AN investigative journalism nonprofit based in Nigeria, the International Centre for Investigative Reporting (ICIR), has pushed the envelope with its approach to investigating the country’s response to the COVID-19 pandemic.

In this interview with GIJN’s Africa Editor Benon Herbert Oluka, ICIR Executive Director Dayo Aiyetan discusses the team’s work. Aiyetan, an investigative reporter, newsroom mentor, and media trainer, will be speaking at Investigating the Pandemic: The Threat to Africa, a GIJN webinar, on Thursday, May 14 at 9 am EDT.

You have investigated the COVID-19 story for about six weeks now. What have been your most impactful investigations?
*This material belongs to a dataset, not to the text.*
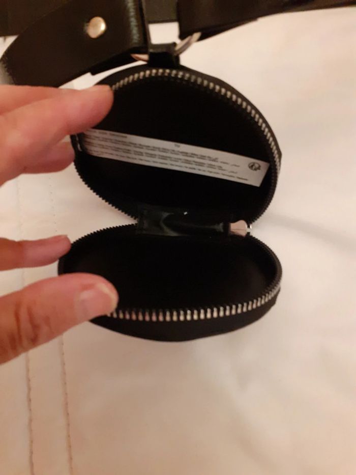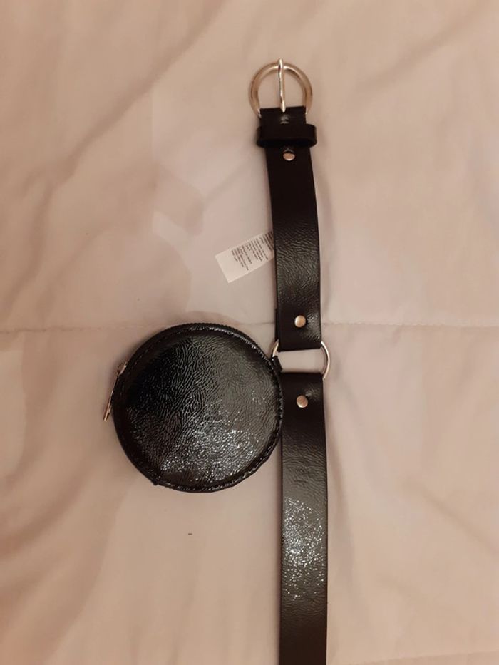 Jamais mis .synthétique Longueur de 103cm d'un bout à l'autre Marqué sur étiquette 85cm Largeur 3cm Diamètre de la bourse 10cm Boucle dorée
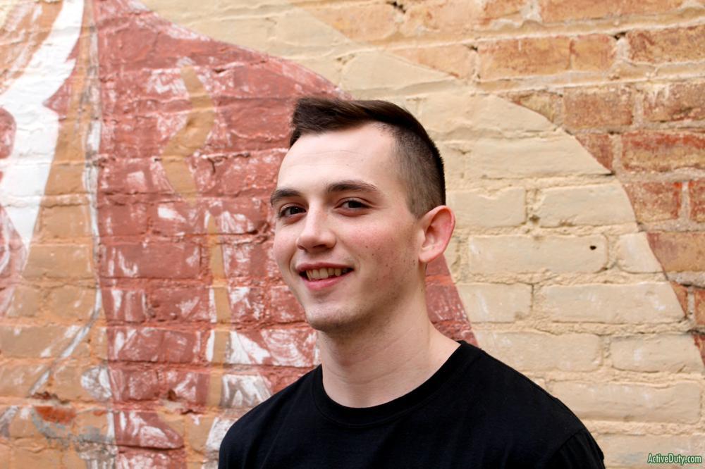 Now this is what I call a nice breath of something different for Active Duty! This incredibly adorable, smart, funny, charming fresh recruit is Jordan Graves. He takes a little longer than usual to even take off his outermost garment. Once he does, we see his outrageous, yellow boxer briefs, of fairly sheer material, with something starting to fatten up underneath!

The first would be our data-driven report on cash transfers, which interrogated efforts to offer financial support to vulnerable families in Nigeria. The president had ordered that 20,000 Nigerian Naira (about US$51) be paid to the most vulnerable households, drawn from the National Social Register, a register of the poorest people in the country. But our investigation revealed that less than half of the vulnerable households on the register were receiving help from the government.

The data also showed the skewed nature of the distribution of cash as more households in states in the northern part of Nigeria were getting far more than households in the south … The government was forced to find a more equitable means of distributing palliative [food parcels] to reach as many Nigerians as possible.

Regional distribution of beneficiaries of the Conditional Cash Transfer as of  April 9, 2020

Then there is our story about what doctors and other health workers earn as hazard allowance. In some places, doctors earned as low as N5,000 ($13.64) per month. We compared this with what doctors in other West African countries earned — $361 in Ghana, $460 in Sierra Leone and $825 in Liberia — and within weeks the state and federal governments reversed the situation.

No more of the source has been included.